Collected data
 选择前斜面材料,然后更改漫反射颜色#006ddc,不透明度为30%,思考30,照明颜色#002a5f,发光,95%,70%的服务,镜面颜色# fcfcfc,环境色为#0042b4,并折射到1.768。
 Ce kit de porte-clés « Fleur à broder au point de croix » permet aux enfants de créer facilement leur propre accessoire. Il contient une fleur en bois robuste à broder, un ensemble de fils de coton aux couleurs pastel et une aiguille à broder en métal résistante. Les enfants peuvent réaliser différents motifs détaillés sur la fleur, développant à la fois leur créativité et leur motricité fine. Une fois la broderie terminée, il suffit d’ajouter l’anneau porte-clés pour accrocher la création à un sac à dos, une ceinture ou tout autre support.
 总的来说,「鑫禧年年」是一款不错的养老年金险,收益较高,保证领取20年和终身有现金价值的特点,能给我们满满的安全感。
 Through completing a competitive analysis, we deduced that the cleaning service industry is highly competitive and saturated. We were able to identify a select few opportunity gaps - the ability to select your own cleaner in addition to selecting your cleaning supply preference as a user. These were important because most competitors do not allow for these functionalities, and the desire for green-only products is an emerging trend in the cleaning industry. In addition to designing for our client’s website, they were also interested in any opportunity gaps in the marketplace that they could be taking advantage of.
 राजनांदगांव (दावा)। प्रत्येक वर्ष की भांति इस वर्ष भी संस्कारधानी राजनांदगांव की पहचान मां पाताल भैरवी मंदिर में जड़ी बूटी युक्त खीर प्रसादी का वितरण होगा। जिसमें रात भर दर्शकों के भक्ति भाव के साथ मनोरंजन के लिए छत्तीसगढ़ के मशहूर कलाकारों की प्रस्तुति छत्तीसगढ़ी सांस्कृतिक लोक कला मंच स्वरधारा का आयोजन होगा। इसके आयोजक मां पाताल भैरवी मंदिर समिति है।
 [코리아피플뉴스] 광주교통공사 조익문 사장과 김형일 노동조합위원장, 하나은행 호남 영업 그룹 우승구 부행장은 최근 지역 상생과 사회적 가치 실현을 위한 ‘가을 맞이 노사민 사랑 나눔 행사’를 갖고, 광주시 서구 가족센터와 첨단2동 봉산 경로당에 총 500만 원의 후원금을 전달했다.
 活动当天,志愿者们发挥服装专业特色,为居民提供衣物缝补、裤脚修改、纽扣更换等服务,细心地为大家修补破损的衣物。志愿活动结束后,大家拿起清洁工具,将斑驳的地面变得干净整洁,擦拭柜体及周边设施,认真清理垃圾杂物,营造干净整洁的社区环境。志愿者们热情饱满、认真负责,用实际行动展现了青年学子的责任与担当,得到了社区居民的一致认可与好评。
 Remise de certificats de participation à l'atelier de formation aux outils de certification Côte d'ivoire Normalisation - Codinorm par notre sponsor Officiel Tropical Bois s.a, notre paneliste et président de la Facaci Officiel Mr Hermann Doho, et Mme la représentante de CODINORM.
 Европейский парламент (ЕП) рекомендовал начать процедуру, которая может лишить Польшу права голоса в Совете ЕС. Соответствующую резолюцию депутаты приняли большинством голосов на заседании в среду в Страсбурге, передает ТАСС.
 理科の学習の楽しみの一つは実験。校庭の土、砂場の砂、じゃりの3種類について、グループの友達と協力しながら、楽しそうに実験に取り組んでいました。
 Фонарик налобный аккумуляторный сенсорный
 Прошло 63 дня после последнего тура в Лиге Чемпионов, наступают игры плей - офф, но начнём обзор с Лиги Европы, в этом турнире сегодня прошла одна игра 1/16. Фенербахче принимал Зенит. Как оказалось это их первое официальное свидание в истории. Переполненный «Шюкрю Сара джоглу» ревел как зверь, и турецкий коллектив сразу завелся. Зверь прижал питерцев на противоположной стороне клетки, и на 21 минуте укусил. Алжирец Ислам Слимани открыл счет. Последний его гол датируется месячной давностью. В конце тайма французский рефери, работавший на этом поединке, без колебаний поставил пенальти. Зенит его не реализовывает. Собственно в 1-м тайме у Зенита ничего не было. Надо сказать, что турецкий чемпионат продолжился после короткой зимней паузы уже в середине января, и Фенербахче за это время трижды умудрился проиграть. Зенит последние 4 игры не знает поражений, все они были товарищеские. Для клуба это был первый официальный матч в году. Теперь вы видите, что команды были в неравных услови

» BRIEF:
Each record above should be transcribed exactly.

» TASK ANSWER:
 选择前斜面材料,然后更改漫反射颜色#006ddc,不透明度为30%,思考30,照明颜色#002a5f,发光,95%,70%的服务,镜面颜色# fcfcfc,环境色为#0042b4,并折射到1.768。
 Ce kit de porte-clés « Fleur à broder au point de croix » permet aux enfants de créer facilement leur propre accessoire. Il contient une fleur en bois robuste à broder, un ensemble de fils de coton aux couleurs pastel et une aiguille à broder en métal résistante. Les enfants peuvent réaliser différents motifs détaillés sur la fleur, développant à la fois leur créativité et leur motricité fine. Une fois la broderie terminée, il suffit d’ajouter l’anneau porte-clés pour accrocher la création à un sac à dos, une ceinture ou tout autre support.
 总的来说,「鑫禧年年」是一款不错的养老年金险,收益较高,保证领取20年和终身有现金价值的特点,能给我们满满的安全感。
 Through completing a competitive analysis, we deduced that the cleaning service industry is highly competitive and saturated. We were able to identify a select few opportunity gaps - the ability to select your own cleaner in addition to selecting your cleaning supply preference as a user. These were important because most competitors do not allow for these functionalities, and the desire for green-only products is an emerging trend in the cleaning industry. In addition to designing for our client’s website, they were also interested in any opportunity gaps in the marketplace that they could be taking advantage of.
 राजनांदगांव (दावा)। प्रत्येक वर्ष की भांति इस वर्ष भी संस्कारधानी राजनांदगांव की पहचान मां पाताल भैरवी मंदिर में जड़ी बूटी युक्त खीर प्रसादी का वितरण होगा। जिसमें रात भर दर्शकों के भक्ति भाव के साथ मनोरंजन के लिए छत्तीसगढ़ के मशहूर कलाकारों की प्रस्तुति छत्तीसगढ़ी सांस्कृतिक लोक कला मंच स्वरधारा का आयोजन होगा। इसके आयोजक मां पाताल भैरवी मंदिर समिति है।
 [코리아피플뉴스] 광주교통공사 조익문 사장과 김형일 노동조합위원장, 하나은행 호남 영업 그룹 우승구 부행장은 최근 지역 상생과 사회적 가치 실현을 위한 ‘가을 맞이 노사민 사랑 나눔 행사’를 갖고, 광주시 서구 가족센터와 첨단2동 봉산 경로당에 총 500만 원의 후원금을 전달했다.
 活动当天,志愿者们发挥服装专业特色,为居民提供衣物缝补、裤脚修改、纽扣更换等服务,细心地为大家修补破损的衣物。志愿活动结束后,大家拿起清洁工具,将斑驳的地面变得干净整洁,擦拭柜体及周边设施,认真清理垃圾杂物,营造干净整洁的社区环境。志愿者们热情饱满、认真负责,用实际行动展现了青年学子的责任与担当,得到了社区居民的一致认可与好评。
 Remise de certificats de participation à l'atelier de formation aux outils de certification Côte d'ivoire Normalisation - Codinorm par notre sponsor Officiel Tropical Bois s.a, notre paneliste et président de la Facaci Officiel Mr Hermann Doho, et Mme la représentante de CODINORM.
 Европейский парламент (ЕП) рекомендовал начать процедуру, которая может лишить Польшу права голоса в Совете ЕС. Соответствующую резолюцию депутаты приняли большинством голосов на заседании в среду в Страсбурге, передает ТАСС.
 理科の学習の楽しみの一つは実験。校庭の土、砂場の砂、じゃりの3種類について、グループの友達と協力しながら、楽しそうに実験に取り組んでいました。
 Фонарик налобный аккумуляторный сенсорный
 Прошло 63 дня после последнего тура в Лиге Чемпионов, наступают игры плей - офф, но начнём обзор с Лиги Европы, в этом турнире сегодня прошла одна игра 1/16. Фенербахче принимал Зенит. Как оказалось это их первое официальное свидание в истории. Переполненный «Шюкрю Сара джоглу» ревел как зверь, и турецкий коллектив сразу завелся. Зверь прижал питерцев на противоположной стороне клетки, и на 21 минуте укусил. Алжирец Ислам Слимани открыл счет. Последний его гол датируется месячной давностью. В конце тайма французский рефери, работавший на этом поединке, без колебаний поставил пенальти. Зенит его не реализовывает. Собственно в 1-м тайме у Зенита ничего не было. Надо сказать, что турецкий чемпионат продолжился после короткой зимней паузы уже в середине января, и Фенербахче за это время трижды умудрился проиграть. Зенит последние 4 игры не знает поражений, все они были товарищеские. Для клуба это был первый официальный матч в году. Теперь вы видите, что команды были в неравных услови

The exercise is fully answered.